Q painted one wall of her bedroom red the summer after I met her. It was a dark shade, almost crimson, although she probably would have preferred the word scarlet. She had just rented the house for $600 a month, which felt like an extravagance in Albuquerque in 2005 when you were young. It was enough of an extravagance that she couldn’t afford much furniture, but she had a bed, a chair, eventually two chairs. We sat in those chairs and talked about infatuation.
She didn’t wear makeup, never had, in part because no one had taught her, until that summer when the wall went red and her lips along with it, when she perfected the art of applying red lipstick. M.A.C. Lady Danger, I think it was. She rarely left home without it past sunset. She was 25.

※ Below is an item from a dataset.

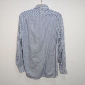 Peter Millar Mens Large Cotton Blue White Striped Button Dress Shirt Long Sleeve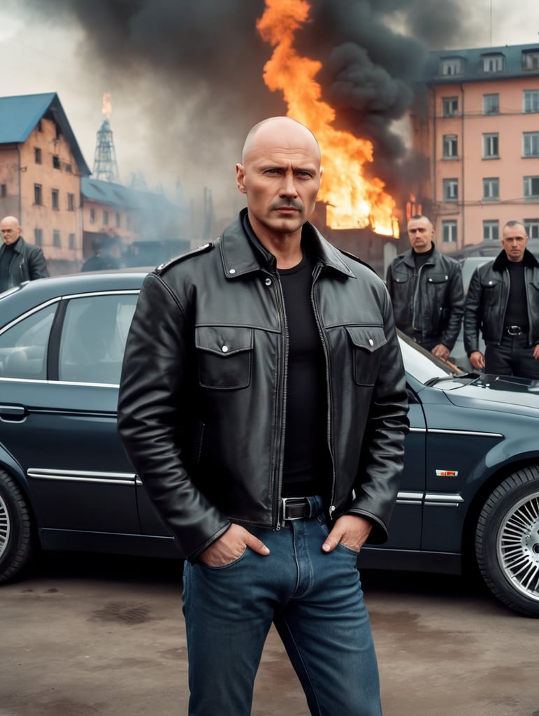 Premium AI Image A cool bald man in a leather jacket on a night out Very well made.

She wore her hair cut close, a halo around a round, elfin face. The shortness of her hair lent drama to the fullness and brightness of her lips. She knew it, and it made her smile. She began waxing her eyebrows.
Q and I sat in her two chairs and talked of what we thought of love and lust and broke off small slabs of Gold & Black’s chocolate, 75% dark, letting them melt on our tongues. She would bring out red wine and sip. She wore red on her fingers and toes; ate strawberries, tomatoes, red grapes.

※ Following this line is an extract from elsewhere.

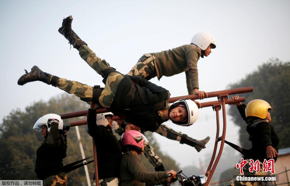 当地时间1月10日,印度边境安全部队女成员在新德里参加“共和日”阅兵彩排,苦练“摩托车特技”。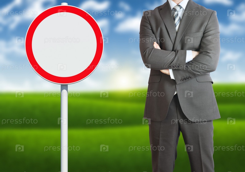 Бизнесмен и дорожный знак

She didn’t wear makeup, never had, in part because no one had taught her, until that summer when the wall went red and her lips along with it.

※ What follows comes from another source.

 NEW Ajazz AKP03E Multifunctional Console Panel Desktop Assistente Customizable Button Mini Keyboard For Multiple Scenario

Red had become a current in Q’s life; not an undercurrent but one that tussled right on the surface, one she fed with waves of her own making. She loved the color, because to her it meant freedom.
That is something that happens when you are 25 and going through a divorce. It can happen at any point in your life, really, when the world breaks open and you are left sifting through what’s inside. You might find nothing but stillness and smoke for a time. You might find an iron core. Maybe it’s red. It burns to the touch, but it leaves you with a feeling, and in that feeling is liberation, so you reach your hand.
There were mornings Q would wake up and not know how she was going to rise from her bed and dress herself and get out her door and to her day. She would lay in the pre-daybreak darkness, when all four walls of her bedroom still seemed the same color, when there was nothing within sight that could spark her, and she would contemplate her life and the broken halves she’d been sifting through. She would tell herself something in those moments that she would, in turn, tell me as we sat and ate chocolate and were young: Put your socks on. A simple, silly direction that tattooed itself on my psyche.
When the mornings are dark and you cannot see the day, you move slowly. You don’t look too far ahead. You don’t examine all the bits and pieces. You reach for a sock and put it on. Then you reach for another sock and put that one on, too. And then your socks are on, and it’s time for the next thing. Don’t worry about the day, don’t worry about the days that came before or may follow. Just put your socks on. The rest will come.